### WHAT IS EXPECTED
Your task is to write out the entire listing exactly, omitting its pictures.

### GIVEN DATA
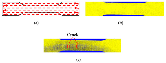 It can be seen from Figure 20 that the imaging results of specimen (stress state is 20 MPa) are basically uniform in color distribution, and that “stripe” areas with uneven color appear in the imaging results of the specimen (stress state is 400 MPa). According to the principle of ultrasonic microscopic imaging, the large difference of color brightness in imaging results indicates a large defect size in the tested specimen, and vice versa. The imaging results show that there were several small cracks that had emerged in the specimen (stress state is 400 MPa), however, there were few cracks in the specimen (stress state is 20 MPa), which is basically consistent with the results of the aforementioned mentioned theory analysis.
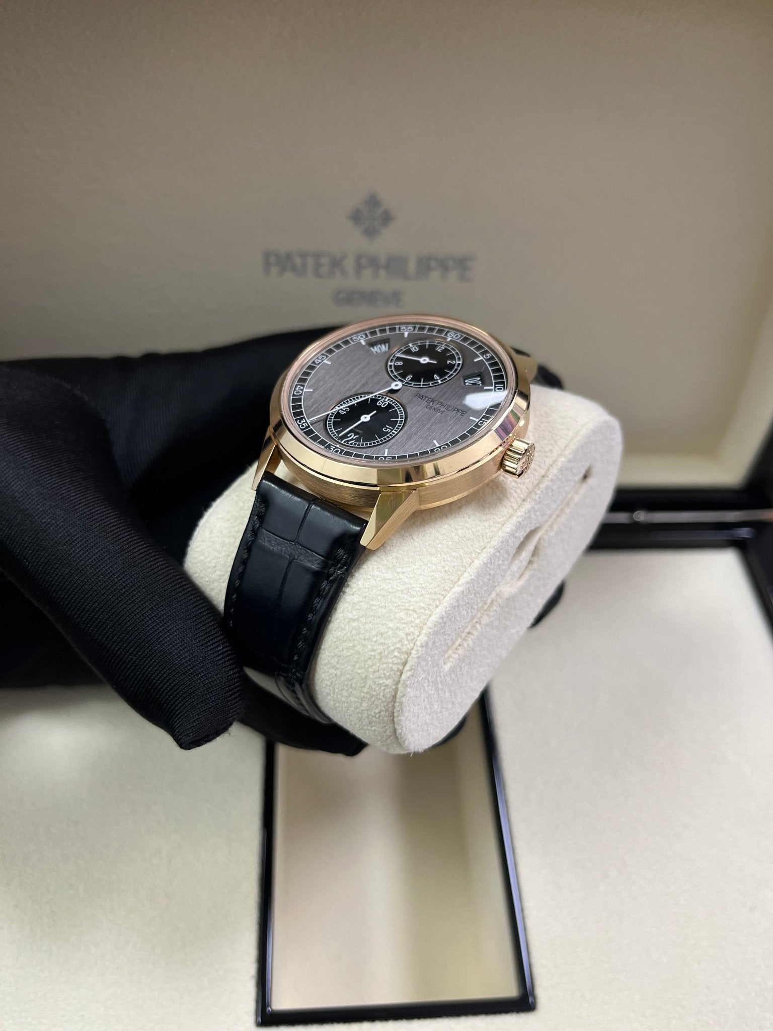 Patek Philippe revisits the unique style of its Annual Calendar Regulator by presenting it in rose gold, paired with a two-tone dial in graphite and ebony-black with a vertical satin finish.
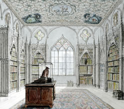 Above, the library in 2011; below, the library as Walpole enjoyed it.
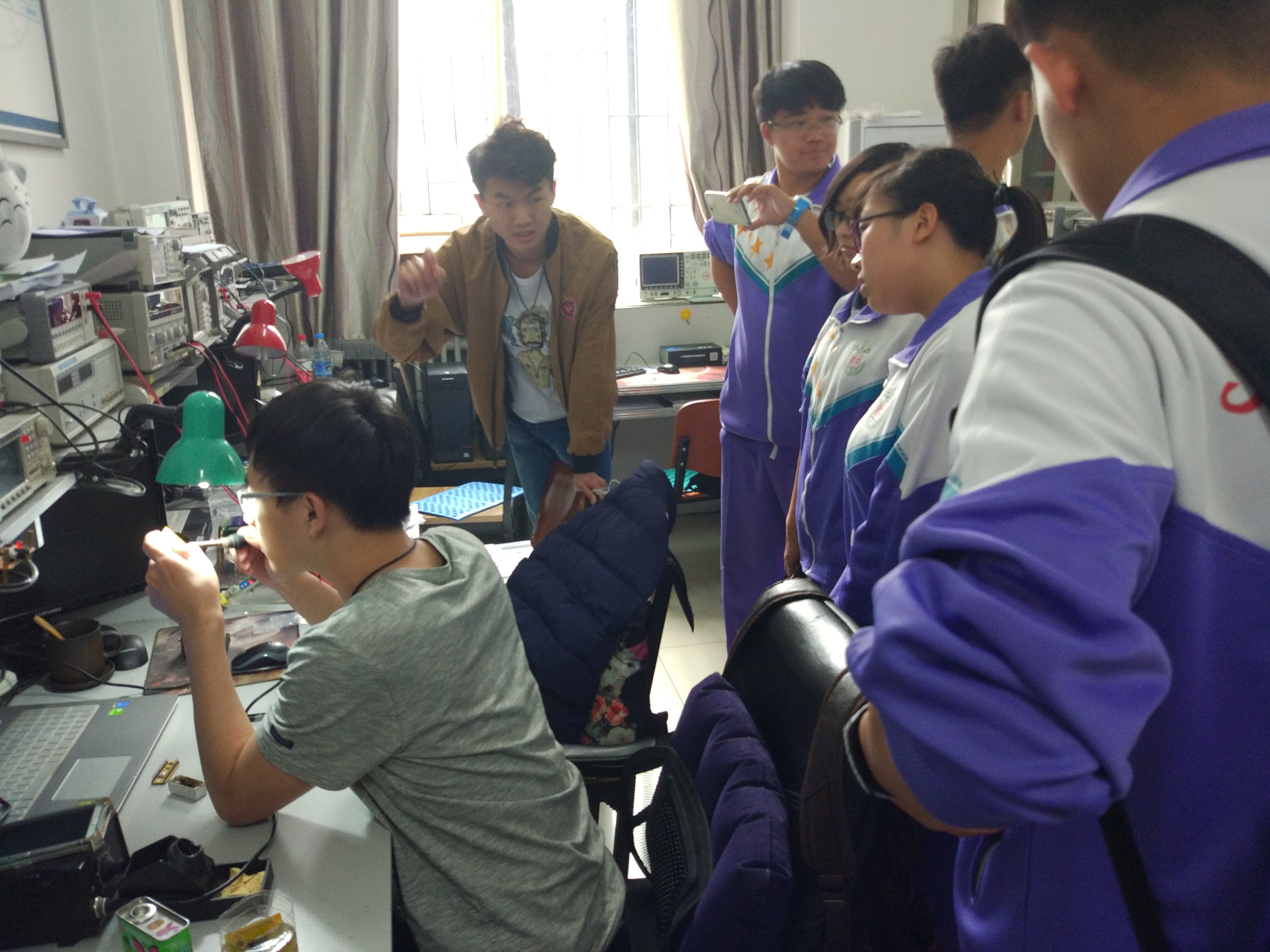 216+实验室,首先科协会长李冰洋为老师、家长以及各位学生代表就216+实验室的整体情况作了详细介绍,然后千老师和张老师便与学生家长进行了深入交谈,学生代表则由科协部长带领分别参观了模电组、电源组以及控制组。参观过程中模电组的同学就实验室的各种仪器设备做了简要的说明,同时以示波器、信号发生器为例作了具体的演示,让同学们了解了仪器的功能及作用;电源组的同学就校赛作品《LED不间断电源控制器》为同学们讲解了电源的工作原理以及重要性;控制组的同学以3D打印机为参观一行人作了详细的演示与讲解,让同学们对控制有了一个大概的认识。随后,大家继续参观了仪电香港六合彩开奖号码

### REPLY
 It can be seen from Figure 20 that the imaging results of specimen (stress state is 20 MPa) are basically uniform in color distribution, and that “stripe” areas with uneven color appear in the imaging results of the specimen (stress state is 400 MPa). According to the principle of ultrasonic microscopic imaging, the large difference of color brightness in imaging results indicates a large defect size in the tested specimen, and vice versa. The imaging results show that there were several small cracks that had emerged in the specimen (stress state is 400 MPa), however, there were few cracks in the specimen (stress state is 20 MPa), which is basically consistent with the results of the aforementioned mentioned theory analysis.
 Patek Philippe revisits the unique style of its Annual Calendar Regulator by presenting it in rose gold, paired with a two-tone dial in graphite and ebony-black with a vertical satin finish.
 Above, the library in 2011; below, the library as Walpole enjoyed it.
 216+实验室,首先科协会长李冰洋为老师、家长以及各位学生代表就216+实验室的整体情况作了详细介绍,然后千老师和张老师便与学生家长进行了深入交谈,学生代表则由科协部长带领分别参观了模电组、电源组以及控制组。参观过程中模电组的同学就实验室的各种仪器设备做了简要的说明,同时以示波器、信号发生器为例作了具体的演示,让同学们了解了仪器的功能及作用;电源组的同学就校赛作品《LED不间断电源控制器》为同学们讲解了电源的工作原理以及重要性;控制组的同学以3D打印机为参观一行人作了详细的演示与讲解,让同学们对控制有了一个大概的认识。随后,大家继续参观了仪电香港六合彩开奖号码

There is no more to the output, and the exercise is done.